__Exercise input__.
--------------------------------------------------

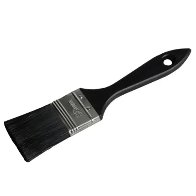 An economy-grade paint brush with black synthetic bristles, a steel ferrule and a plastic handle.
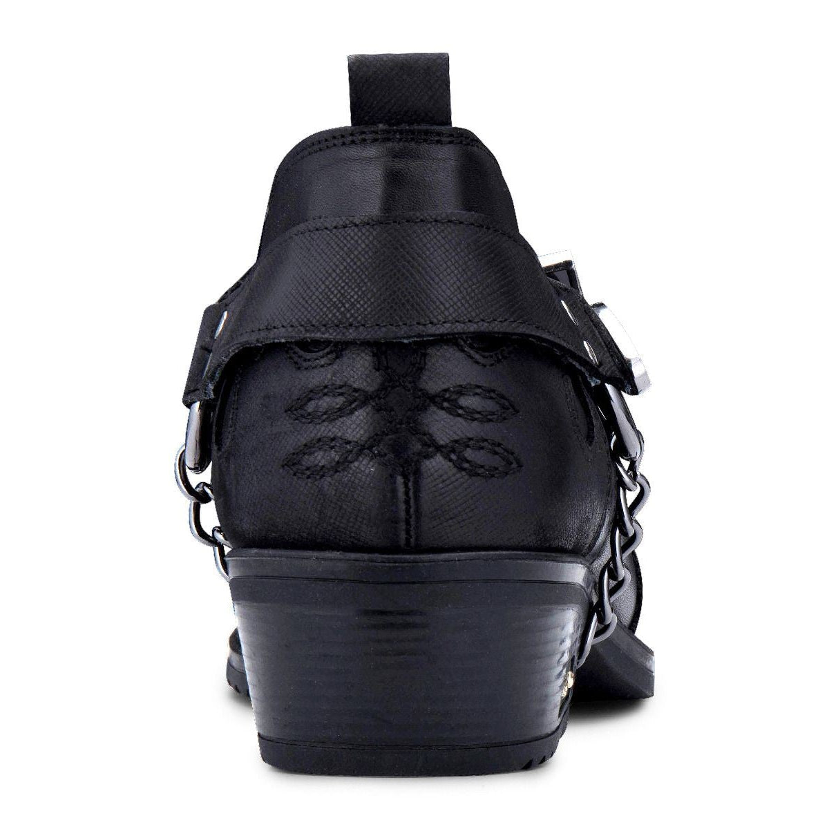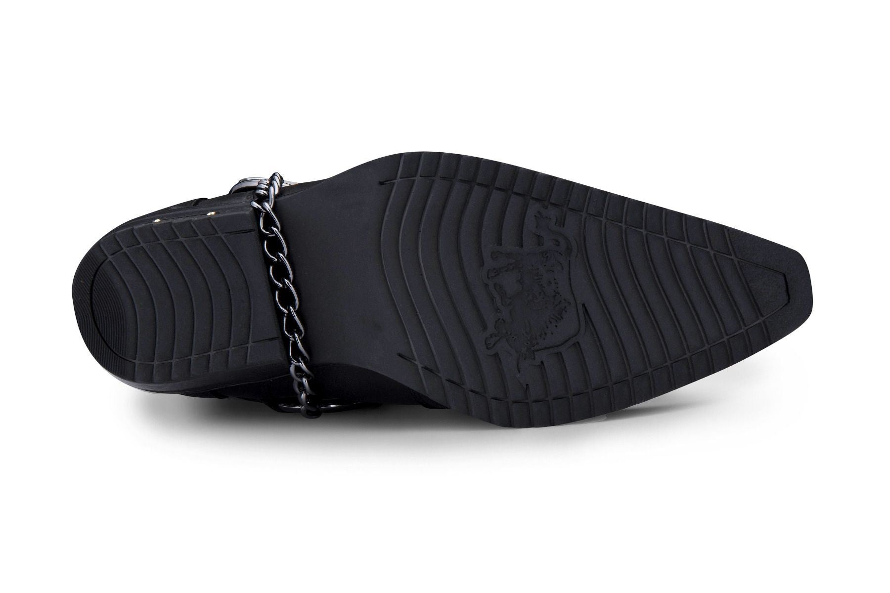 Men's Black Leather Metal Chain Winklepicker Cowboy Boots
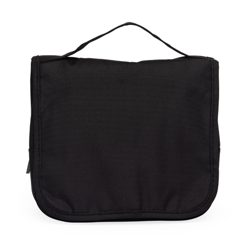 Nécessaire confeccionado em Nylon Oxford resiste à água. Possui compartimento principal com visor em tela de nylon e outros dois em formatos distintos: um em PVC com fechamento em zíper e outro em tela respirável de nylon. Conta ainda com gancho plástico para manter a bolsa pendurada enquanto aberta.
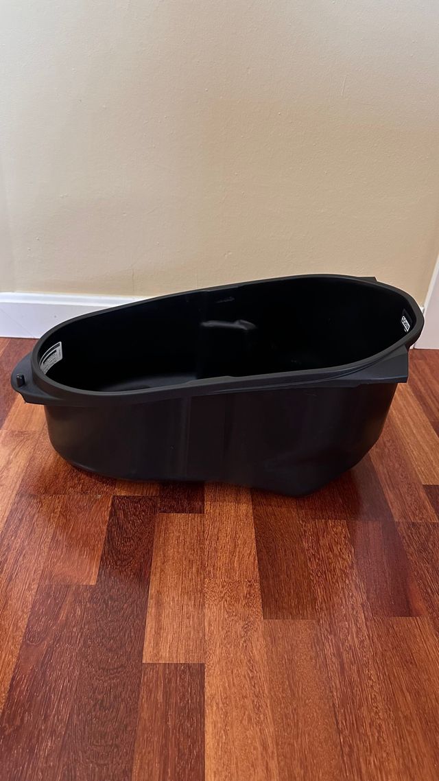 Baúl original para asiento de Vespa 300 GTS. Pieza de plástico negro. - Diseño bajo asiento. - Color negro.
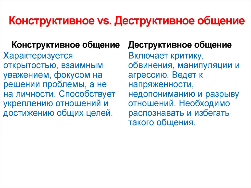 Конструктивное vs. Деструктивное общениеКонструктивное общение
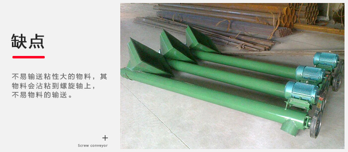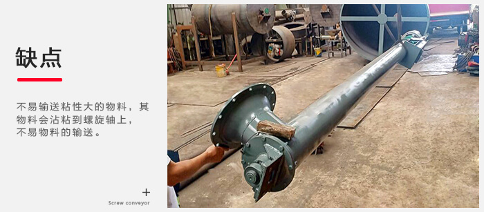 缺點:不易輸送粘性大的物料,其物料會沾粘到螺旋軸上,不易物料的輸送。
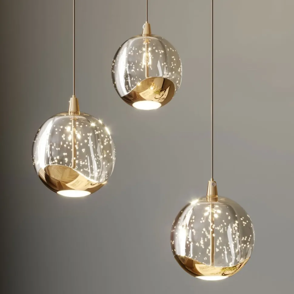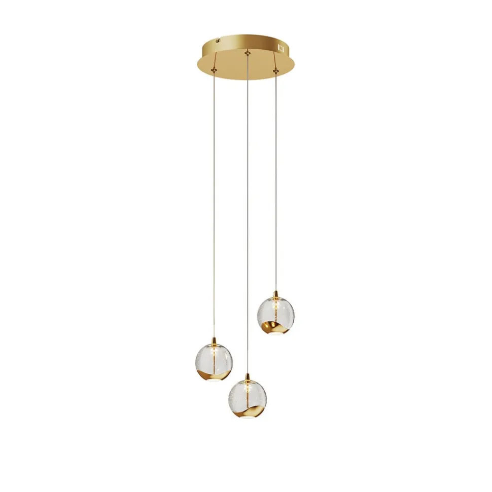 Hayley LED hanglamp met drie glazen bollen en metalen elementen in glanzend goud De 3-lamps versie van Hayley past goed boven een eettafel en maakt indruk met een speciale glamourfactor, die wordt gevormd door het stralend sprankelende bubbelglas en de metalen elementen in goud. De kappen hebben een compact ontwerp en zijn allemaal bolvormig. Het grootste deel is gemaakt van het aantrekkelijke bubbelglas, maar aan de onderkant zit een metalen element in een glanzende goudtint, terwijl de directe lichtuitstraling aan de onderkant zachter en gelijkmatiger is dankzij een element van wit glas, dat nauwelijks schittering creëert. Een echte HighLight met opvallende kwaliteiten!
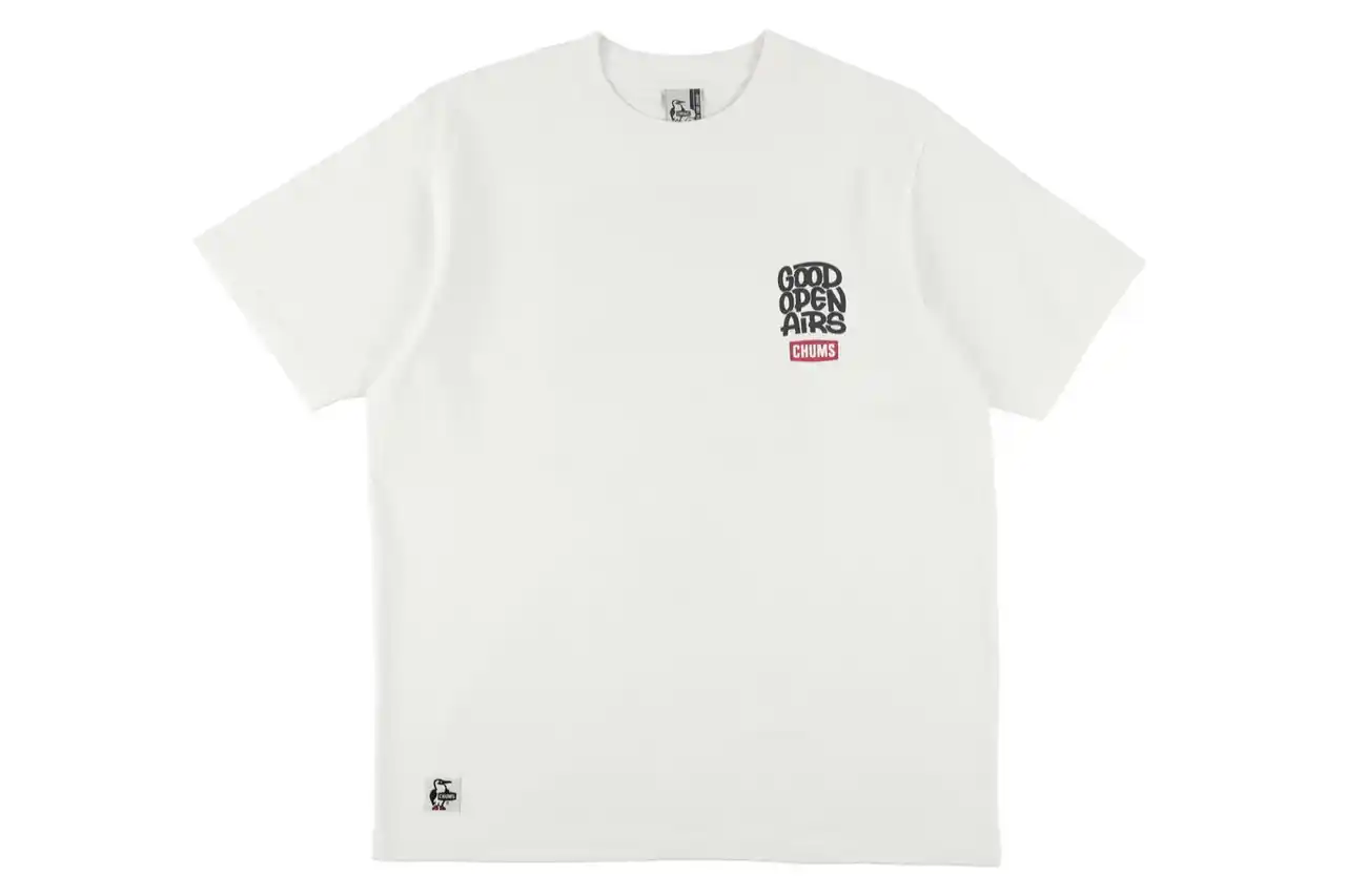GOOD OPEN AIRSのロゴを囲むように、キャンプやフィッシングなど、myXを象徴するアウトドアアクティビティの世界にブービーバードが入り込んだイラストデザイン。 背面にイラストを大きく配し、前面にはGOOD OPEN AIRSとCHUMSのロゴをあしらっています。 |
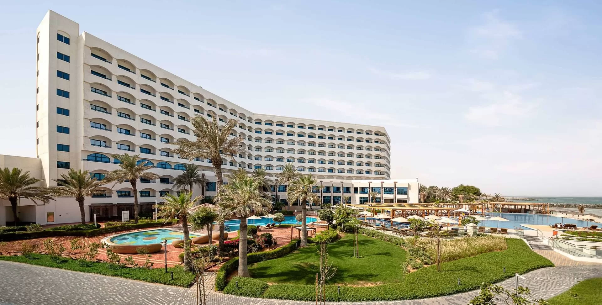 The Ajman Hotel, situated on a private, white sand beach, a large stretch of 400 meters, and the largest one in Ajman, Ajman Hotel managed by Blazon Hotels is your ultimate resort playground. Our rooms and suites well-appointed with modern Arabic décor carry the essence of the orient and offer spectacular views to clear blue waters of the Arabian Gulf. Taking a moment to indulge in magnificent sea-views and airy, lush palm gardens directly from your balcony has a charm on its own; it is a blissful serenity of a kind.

--------------------------------------------------

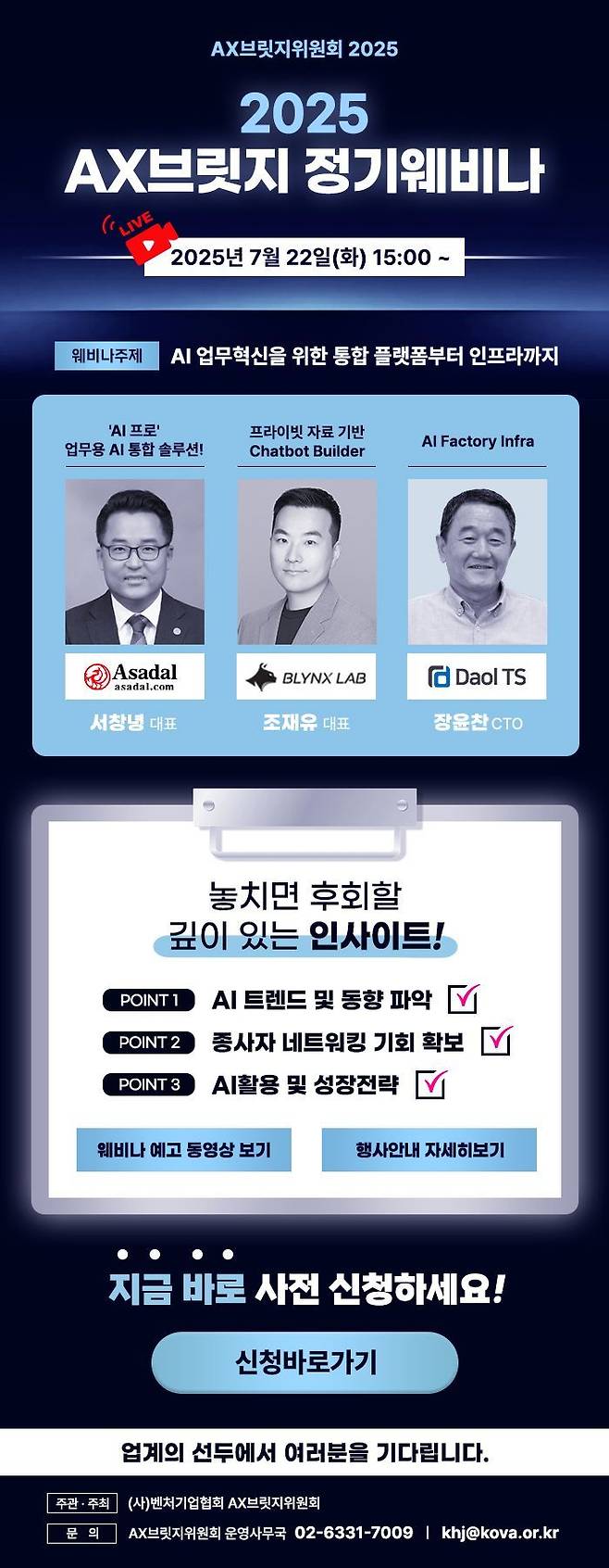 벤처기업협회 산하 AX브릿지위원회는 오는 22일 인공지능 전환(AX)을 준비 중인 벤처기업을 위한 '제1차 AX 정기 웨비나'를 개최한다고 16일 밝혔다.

--------------------------------------------------

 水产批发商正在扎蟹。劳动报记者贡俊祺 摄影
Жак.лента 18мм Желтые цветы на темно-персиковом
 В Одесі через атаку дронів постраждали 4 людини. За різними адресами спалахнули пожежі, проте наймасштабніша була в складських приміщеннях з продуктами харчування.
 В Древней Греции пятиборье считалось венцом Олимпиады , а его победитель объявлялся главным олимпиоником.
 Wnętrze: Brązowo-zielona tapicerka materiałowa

--------------------------------------------------

__Activity__.
Using the data above, retype exactly and only the lines from the one containing "Конструктивное vs. Деструктивное" up to and including the one containing "OPEN AIRSとCHUMSのロゴをあしらっています。 |", with no pictures carried over.

__Written answer__.
 Конструктивное vs. Деструктивное общениеКонструктивное общение
 缺點:不易輸送粘性大的物料,其物料會沾粘到螺旋軸上,不易物料的輸送。
 Hayley LED hanglamp met drie glazen bollen en metalen elementen in glanzend goud De 3-lamps versie van Hayley past goed boven een eettafel en maakt indruk met een speciale glamourfactor, die wordt gevormd door het stralend sprankelende bubbelglas en de metalen elementen in goud. De kappen hebben een compact ontwerp en zijn allemaal bolvormig. Het grootste deel is gemaakt van het aantrekkelijke bubbelglas, maar aan de onderkant zit een metalen element in een glanzende goudtint, terwijl de directe lichtuitstraling aan de onderkant zachter en gelijkmatiger is dankzij een element van wit glas, dat nauwelijks schittering creëert. Een echte HighLight met opvallende kwaliteiten!
GOOD OPEN AIRSのロゴを囲むように、キャンプやフィッシングなど、myXを象徴するアウトドアアクティビティの世界にブービーバードが入り込んだイラストデザイン。 背面にイラストを大きく配し、前面にはGOOD OPEN AIRSとCHUMSのロゴをあしらっています。 |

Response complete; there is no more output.